GIVEN DATA:
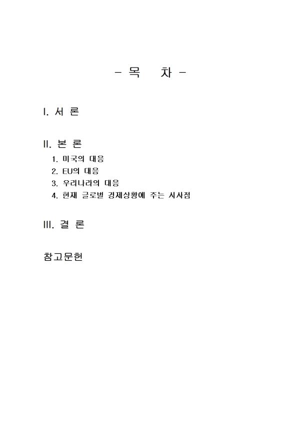 - ¸ñ Â÷ - I. ¼ ·Ð II. º» ·Ð 1. ¹Ì±¹ÀÇ ´ëÀÀ 2. EUÀÇ ´ëÀÀ 3. ¿ì¸®³ª¶óÀÇ ´ëÀÀ 4. ÇöÀç ±Û·Î¹ú °æÁ¦»óȲ¿¡ ÁÖ´Â ½Ã»çÁ¡ III. °á ·Ð Âü°í¹®Çå ** ÇÔ²² Á¦°øµÇ´Â Âü°íÀÚ·á ÇÑ±ÛÆÄÀÏ ** 1. EUÀÇ ´ëÀÀ.hwp 2. EUÀÇ ´ëÀÀ2.hwp 3. EUÀÇ ´ëÀÀ3.hwp 4. ¹Ì±¹ÀÇ ´ëÀÀ.hwp 5. ¹Ì±¹ÀÇ ´ëÀÀ2.hwp 6. ¹Ì±¹ÀÇ ´ëÀÀ3.hwp 7. ¿ì¸®³ª¶óÀÇ ´ëÀÀ.hwp 8. ¿ì¸®³ª¶óÀÇ ´ëÀÀ2.hwp 9. ¿ì¸®³ª¶óÀÇ ´ëÀÀ3.hwp 10. ÇöÀç ±Û·Î¹ú °æÁ¦»óȲÀÌ ÁÖ´Â ½Ã»çÁ¡.hwp 11. ÇöÀç ±Û·Î¹ú °æÁ¦»óȲÀÌ ÁÖ´Â ½Ã»çÁ¡2.hwp 12. ÇöÀç ±Û·Î¹ú °æÁ¦»óȲÀÌ ÁÖ´Â ½Ã»çÁ¡3.hwp 13. ¼·Ð ÀÛ¼º½Ã ÂüÁ¶.hwp 14. °á·Ð ÀÛ¼º½Ã ÂüÁ¶.hwp 15. ¼·Ð ÀÛ¼º½Ã ÂüÁ¶2.hwp 16. °á·Ð ÀÛ¼º½Ã ÂüÁ¶2.hwp ¢ºÀÚ·á³»¿ë ¹Ì¸®º¸±â
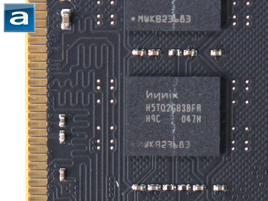 A closer look at the memory chips on the G.SKILL Ripjaws-X F3-17000CL9D-8GBXLD 2x4GB dual channel memory kit. The photo above should be quite clear -- it says "H5TQ2G83BFR" on each IC. These are Hynix manufactured chips, with eight 256MB chips on each side for a total of 4GB on each DIMM. As mentioned on the previous page, these RAM modules run at a frequency of DDR3-2133 with 9-11-9-28 latencies at 2T command rate. Since these RAM are designed for Core i5/i7 processors, they operate at a stock voltage of 1.65V.
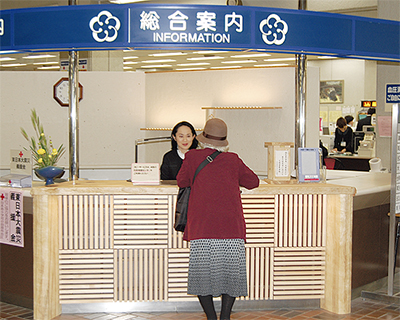 案内所の受付をする堀口祐利子さんは「香りが良くてすばらしいという声が寄せられています。居心地もいいですよ」と話し、笑顔で来庁者を迎える。
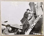 GAULLE Général Charles de : Deux photos d'agence représentant le Général de Gaulle et l'Ambassadeur des Etats-Unis en France Jefferson CAFFERY montant le 24 septembre 1945 à Orly dans l'avion le Skymaster offert par le Président TRUMAN au...
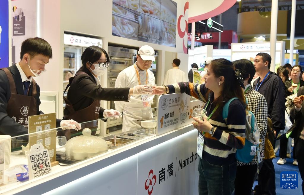 11月10日,参观者在第七届进博会食品及农产品展区品尝美食。新华社记者 鲁鹏 摄
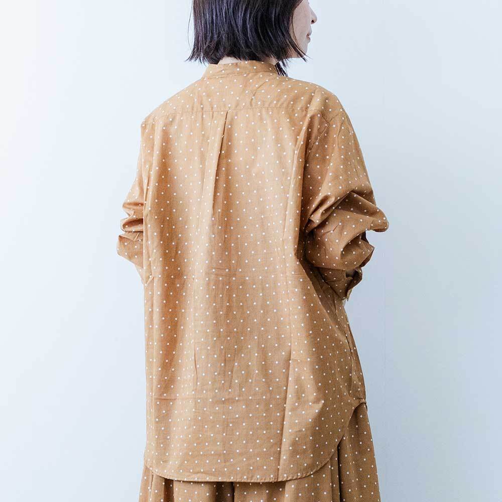 60ローンのドット生地を使用したドット柄バンドカラーシャツです。
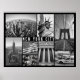 Travel poster of New York City done in black and white - includes images of the cityscape, Empire State Building, Statue of Liberty, Yellow Cabs, and Wall Street.
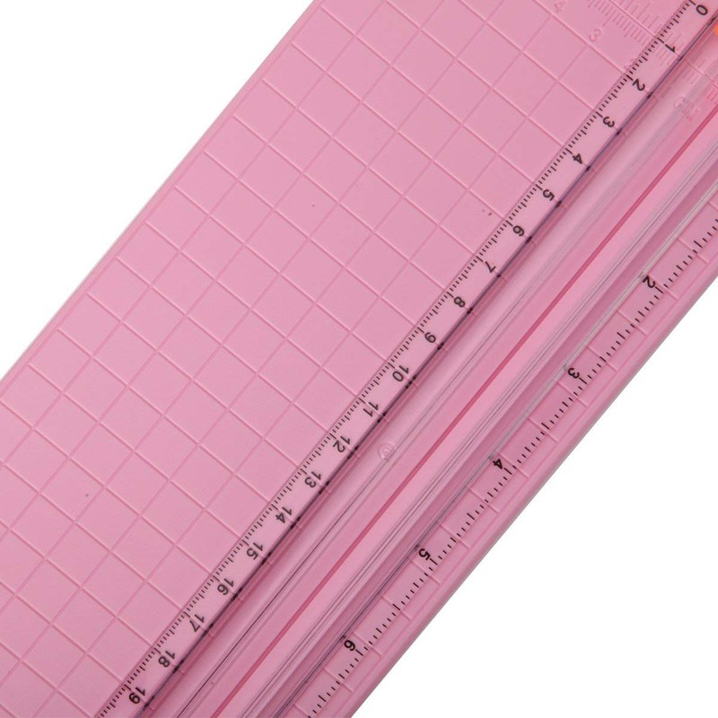 SENRISE Paper Cutter Trimmer, 2PC Mini Paper Cutter A5 Portable Paper Trimmer Scrapbooking Tool with Finger Protection and Slide Ruler/BLUE+PINK
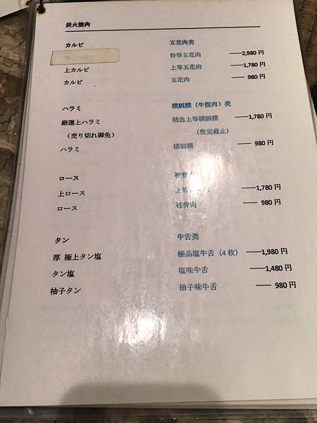 來日本吃燒肉行程是必備的,不管怎樣都一定要排間燒肉店家進去,就算是吃到飽的也爽快,所以才會有今晚的燒肉之行。然後店家看起來不太起眼,位置和裝潢都普通,但有會講中文的店員和中文菜單,對於我們來講可是一大便利,就趕緊進去大快朵頤一番。
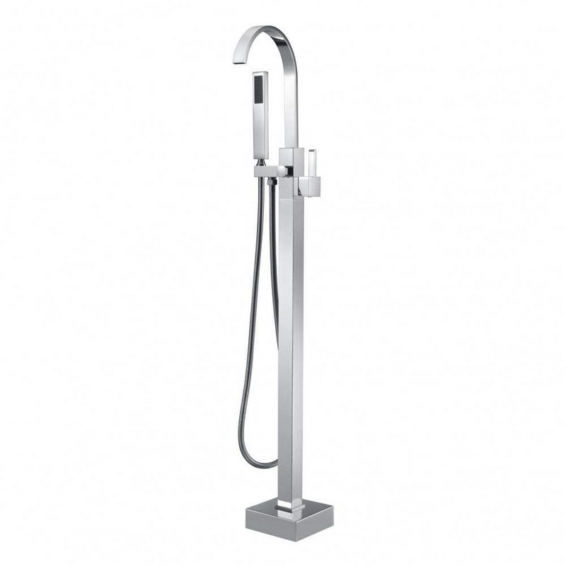 Смеситель напольный для ванны, с ручным душем и изливом, цв. хром
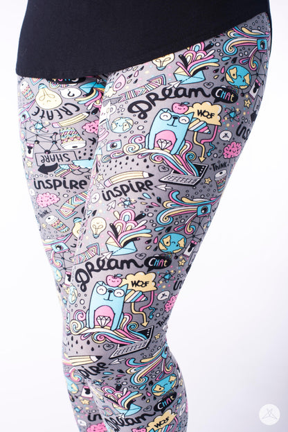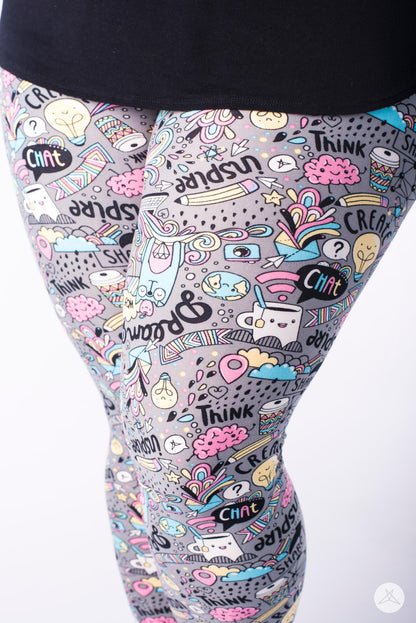 Fancy yourself the creative type? Look no further than Dreambook for your perfect pair of SweetLegs! Create, think, inspire, dream, and share with this fun print covered in all things imaginative featuring playful pops of pink, blue, yellow and white atop a cool grey background.
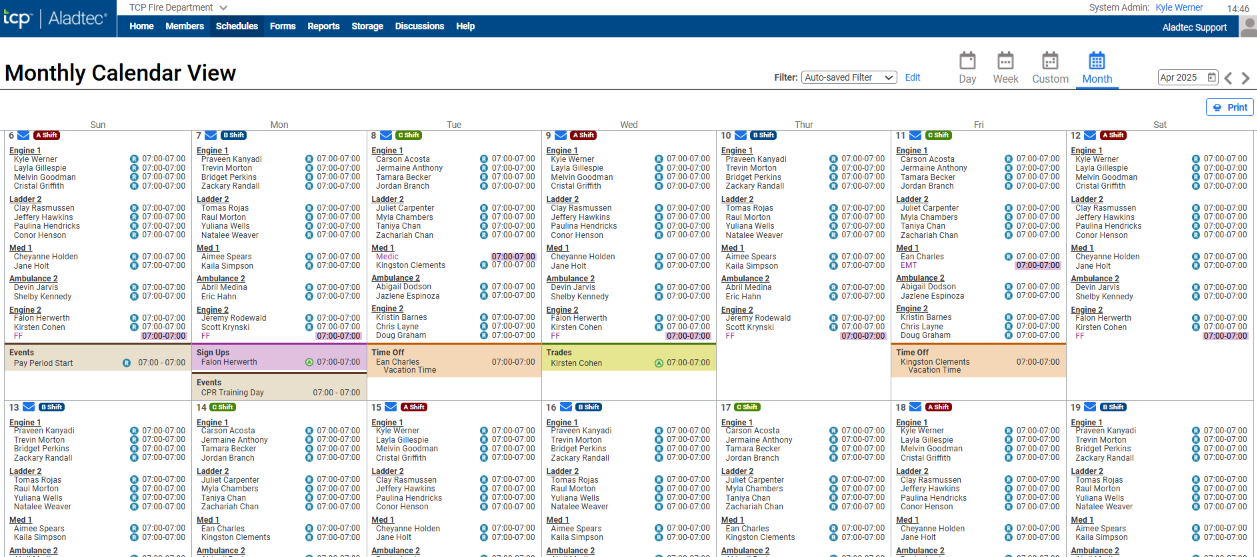 Aladtec has been a major improvement over our former scheduling software, which was actually just a printed calendar using a Microsoft Word document. Each time we made a change, we printed off another set of pages, which obviously created multiple versions of the schedule floating around, and led to people not always knowing when to work. One of my favorite features is the automated process for creating the next month's schedule. The program allows the user to create shift rotations, and once entered (which does take some manual entry time) it knows exactly how to fill the schedule for the next months and even years. That has been the biggest time-saver for me, as I would have to manually enter each person's name onto a new month's page, so basically starting over each time. Aladtec eliminated all of that. The program let's the admin enter benefit time calculations, so things like vacation time, comp time and sick time are all tracked and accounted for. It also keeps track of the hours that are accumulated over time, and what is available for each employee to use. That is another huge time saver, and eliminated trying to track those hours manually. Best of all, in my opinion, is that the employee is required to "sign-off" on their submitted time card, and they stipulate that what they have entered and read is factual and accurate. No more arguing about exactly how many vacation hours or sick time someone used; they just acknowledged it was correct as presented. There are many more time saving features, but those are my main winners. It is overall convenient, easy to use (once mastered) and the customer support has been very responsive to my requests for clarification of a feature or a process. Review collected by and hosted on G2.com.
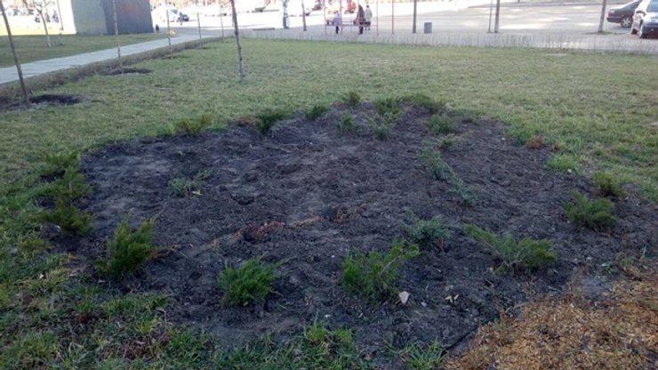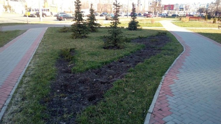 В киевском сквере украли сотни кустов барбариса и можжевельника

EXERCISE REQUIREMENTS:
A verbatim copy of the data, with all pictures omitted, is the required output.

RESPONSE TO THE TASK:
 - ¸ñ Â÷ - I. ¼ ·Ð II. º» ·Ð 1. ¹Ì±¹ÀÇ ´ëÀÀ 2. EUÀÇ ´ëÀÀ 3. ¿ì¸®³ª¶óÀÇ ´ëÀÀ 4. ÇöÀç ±Û·Î¹ú °æÁ¦»óȲ¿¡ ÁÖ´Â ½Ã»çÁ¡ III. °á ·Ð Âü°í¹®Çå ** ÇÔ²² Á¦°øµÇ´Â Âü°íÀÚ·á ÇÑ±ÛÆÄÀÏ ** 1. EUÀÇ ´ëÀÀ.hwp 2. EUÀÇ ´ëÀÀ2.hwp 3. EUÀÇ ´ëÀÀ3.hwp 4. ¹Ì±¹ÀÇ ´ëÀÀ.hwp 5. ¹Ì±¹ÀÇ ´ëÀÀ2.hwp 6. ¹Ì±¹ÀÇ ´ëÀÀ3.hwp 7. ¿ì¸®³ª¶óÀÇ ´ëÀÀ.hwp 8. ¿ì¸®³ª¶óÀÇ ´ëÀÀ2.hwp 9. ¿ì¸®³ª¶óÀÇ ´ëÀÀ3.hwp 10. ÇöÀç ±Û·Î¹ú °æÁ¦»óȲÀÌ ÁÖ´Â ½Ã»çÁ¡.hwp 11. ÇöÀç ±Û·Î¹ú °æÁ¦»óȲÀÌ ÁÖ´Â ½Ã»çÁ¡2.hwp 12. ÇöÀç ±Û·Î¹ú °æÁ¦»óȲÀÌ ÁÖ´Â ½Ã»çÁ¡3.hwp 13. ¼·Ð ÀÛ¼º½Ã ÂüÁ¶.hwp 14. °á·Ð ÀÛ¼º½Ã ÂüÁ¶.hwp 15. ¼·Ð ÀÛ¼º½Ã ÂüÁ¶2.hwp 16. °á·Ð ÀÛ¼º½Ã ÂüÁ¶2.hwp ¢ºÀÚ·á³»¿ë ¹Ì¸®º¸±â
 A closer look at the memory chips on the G.SKILL Ripjaws-X F3-17000CL9D-8GBXLD 2x4GB dual channel memory kit. The photo above should be quite clear -- it says "H5TQ2G83BFR" on each IC. These are Hynix manufactured chips, with eight 256MB chips on each side for a total of 4GB on each DIMM. As mentioned on the previous page, these RAM modules run at a frequency of DDR3-2133 with 9-11-9-28 latencies at 2T command rate. Since these RAM are designed for Core i5/i7 processors, they operate at a stock voltage of 1.65V.
 案内所の受付をする堀口祐利子さんは「香りが良くてすばらしいという声が寄せられています。居心地もいいですよ」と話し、笑顔で来庁者を迎える。
 GAULLE Général Charles de : Deux photos d'agence représentant le Général de Gaulle et l'Ambassadeur des Etats-Unis en France Jefferson CAFFERY montant le 24 septembre 1945 à Orly dans l'avion le Skymaster offert par le Président TRUMAN au...
 11月10日,参观者在第七届进博会食品及农产品展区品尝美食。新华社记者 鲁鹏 摄
 60ローンのドット生地を使用したドット柄バンドカラーシャツです。
 Travel poster of New York City done in black and white - includes images of the cityscape, Empire State Building, Statue of Liberty, Yellow Cabs, and Wall Street.
 SENRISE Paper Cutter Trimmer, 2PC Mini Paper Cutter A5 Portable Paper Trimmer Scrapbooking Tool with Finger Protection and Slide Ruler/BLUE+PINK
 來日本吃燒肉行程是必備的,不管怎樣都一定要排間燒肉店家進去,就算是吃到飽的也爽快,所以才會有今晚的燒肉之行。然後店家看起來不太起眼,位置和裝潢都普通,但有會講中文的店員和中文菜單,對於我們來講可是一大便利,就趕緊進去大快朵頤一番。
 Смеситель напольный для ванны, с ручным душем и изливом, цв. хром
 Fancy yourself the creative type? Look no further than Dreambook for your perfect pair of SweetLegs! Create, think, inspire, dream, and share with this fun print covered in all things imaginative featuring playful pops of pink, blue, yellow and white atop a cool grey background.
 Aladtec has been a major improvement over our former scheduling software, which was actually just a printed calendar using a Microsoft Word document. Each time we made a change, we printed off another set of pages, which obviously created multiple versions of the schedule floating around, and led to people not always knowing when to work. One of my favorite features is the automated process for creating the next month's schedule. The program allows the user to create shift rotations, and once entered (which does take some manual entry time) it knows exactly how to fill the schedule for the next months and even years. That has been the biggest time-saver for me, as I would have to manually enter each person's name onto a new month's page, so basically starting over each time. Aladtec eliminated all of that. The program let's the admin enter benefit time calculations, so things like vacation time, comp time and sick time are all tracked and accounted for. It also keeps track of the hours that are accumulated over time, and what is available for each employee to use. That is another huge time saver, and eliminated trying to track those hours manually. Best of all, in my opinion, is that the employee is required to "sign-off" on their submitted time card, and they stipulate that what they have entered and read is factual and accurate. No more arguing about exactly how many vacation hours or sick time someone used; they just acknowledged it was correct as presented. There are many more time saving features, but those are my main winners. It is overall convenient, easy to use (once mastered) and the customer support has been very responsive to my requests for clarification of a feature or a process. Review collected by and hosted on G2.com.
 В киевском сквере украли сотни кустов барбариса и можжевельника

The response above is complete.